BEGIN Entries supplied

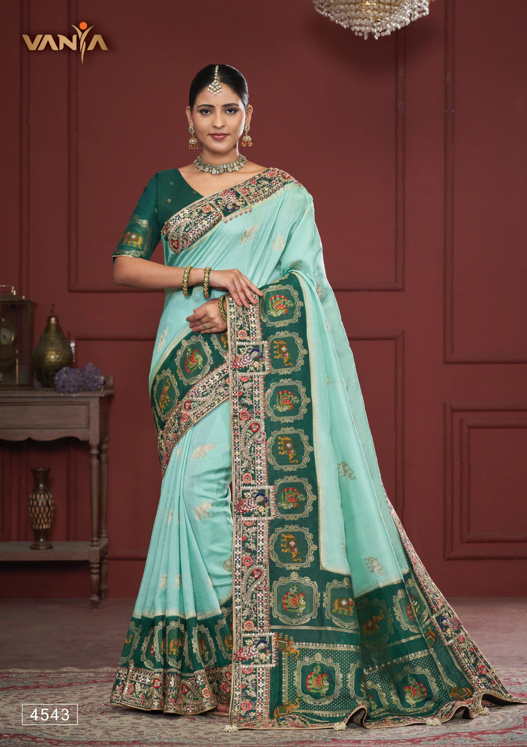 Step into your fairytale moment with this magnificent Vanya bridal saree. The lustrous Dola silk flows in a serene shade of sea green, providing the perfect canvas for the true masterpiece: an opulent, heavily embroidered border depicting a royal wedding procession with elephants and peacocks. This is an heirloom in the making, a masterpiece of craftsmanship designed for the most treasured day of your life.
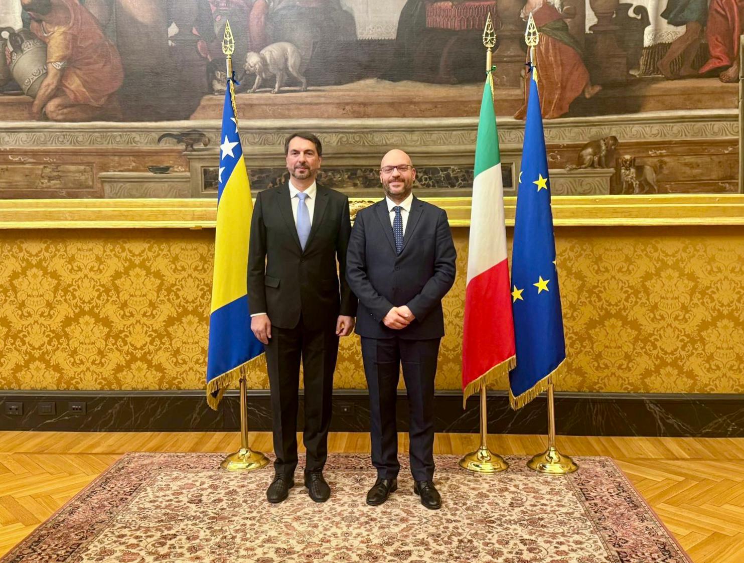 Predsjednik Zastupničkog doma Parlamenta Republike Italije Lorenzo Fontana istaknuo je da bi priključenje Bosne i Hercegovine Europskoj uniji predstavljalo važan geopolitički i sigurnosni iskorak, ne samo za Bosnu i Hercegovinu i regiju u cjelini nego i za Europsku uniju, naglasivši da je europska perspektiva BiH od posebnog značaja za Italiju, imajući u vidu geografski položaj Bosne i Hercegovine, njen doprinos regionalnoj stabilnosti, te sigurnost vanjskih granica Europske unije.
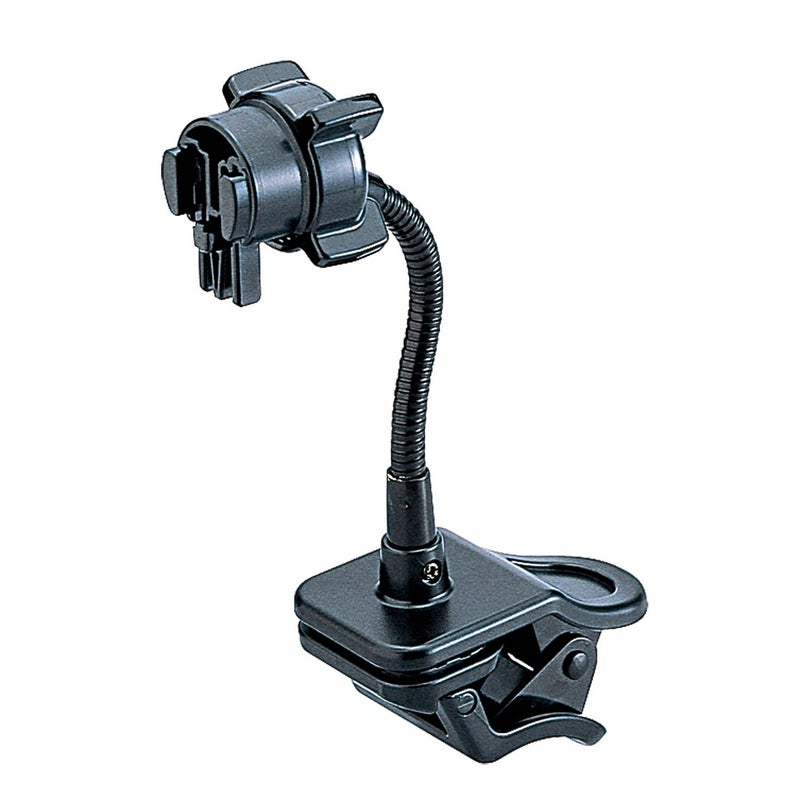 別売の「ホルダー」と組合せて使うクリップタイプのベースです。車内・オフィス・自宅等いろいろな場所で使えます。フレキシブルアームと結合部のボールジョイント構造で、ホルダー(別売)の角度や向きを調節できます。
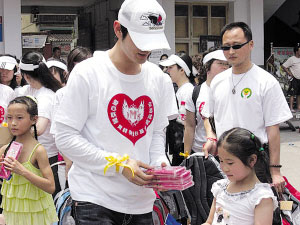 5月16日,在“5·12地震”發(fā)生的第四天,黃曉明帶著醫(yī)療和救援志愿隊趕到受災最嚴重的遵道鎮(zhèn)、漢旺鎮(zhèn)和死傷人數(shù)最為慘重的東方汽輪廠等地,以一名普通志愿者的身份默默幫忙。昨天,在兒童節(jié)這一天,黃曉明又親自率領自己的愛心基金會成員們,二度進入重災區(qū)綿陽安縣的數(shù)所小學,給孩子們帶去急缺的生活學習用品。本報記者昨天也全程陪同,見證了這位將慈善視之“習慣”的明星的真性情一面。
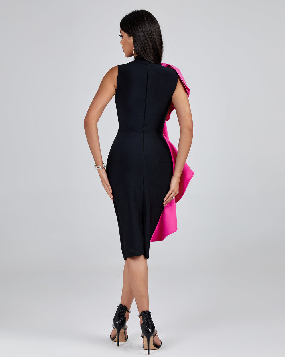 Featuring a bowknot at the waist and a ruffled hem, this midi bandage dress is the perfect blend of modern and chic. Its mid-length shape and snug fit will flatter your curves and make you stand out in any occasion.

END Entries supplied

▶ **Assignment**
What you return should match the material line for line, with the images removed.

▶ **Output for this task**
 Step into your fairytale moment with this magnificent Vanya bridal saree. The lustrous Dola silk flows in a serene shade of sea green, providing the perfect canvas for the true masterpiece: an opulent, heavily embroidered border depicting a royal wedding procession with elephants and peacocks. This is an heirloom in the making, a masterpiece of craftsmanship designed for the most treasured day of your life.
 Predsjednik Zastupničkog doma Parlamenta Republike Italije Lorenzo Fontana istaknuo je da bi priključenje Bosne i Hercegovine Europskoj uniji predstavljalo važan geopolitički i sigurnosni iskorak, ne samo za Bosnu i Hercegovinu i regiju u cjelini nego i za Europsku uniju, naglasivši da je europska perspektiva BiH od posebnog značaja za Italiju, imajući u vidu geografski položaj Bosne i Hercegovine, njen doprinos regionalnoj stabilnosti, te sigurnost vanjskih granica Europske unije.
 別売の「ホルダー」と組合せて使うクリップタイプのベースです。車内・オフィス・自宅等いろいろな場所で使えます。フレキシブルアームと結合部のボールジョイント構造で、ホルダー(別売)の角度や向きを調節できます。
 5月16日,在“5·12地震”發(fā)生的第四天,黃曉明帶著醫(yī)療和救援志愿隊趕到受災最嚴重的遵道鎮(zhèn)、漢旺鎮(zhèn)和死傷人數(shù)最為慘重的東方汽輪廠等地,以一名普通志愿者的身份默默幫忙。昨天,在兒童節(jié)這一天,黃曉明又親自率領自己的愛心基金會成員們,二度進入重災區(qū)綿陽安縣的數(shù)所小學,給孩子們帶去急缺的生活學習用品。本報記者昨天也全程陪同,見證了這位將慈善視之“習慣”的明星的真性情一面。
 Featuring a bowknot at the waist and a ruffled hem, this midi bandage dress is the perfect blend of modern and chic. Its mid-length shape and snug fit will flatter your curves and make you stand out in any occasion.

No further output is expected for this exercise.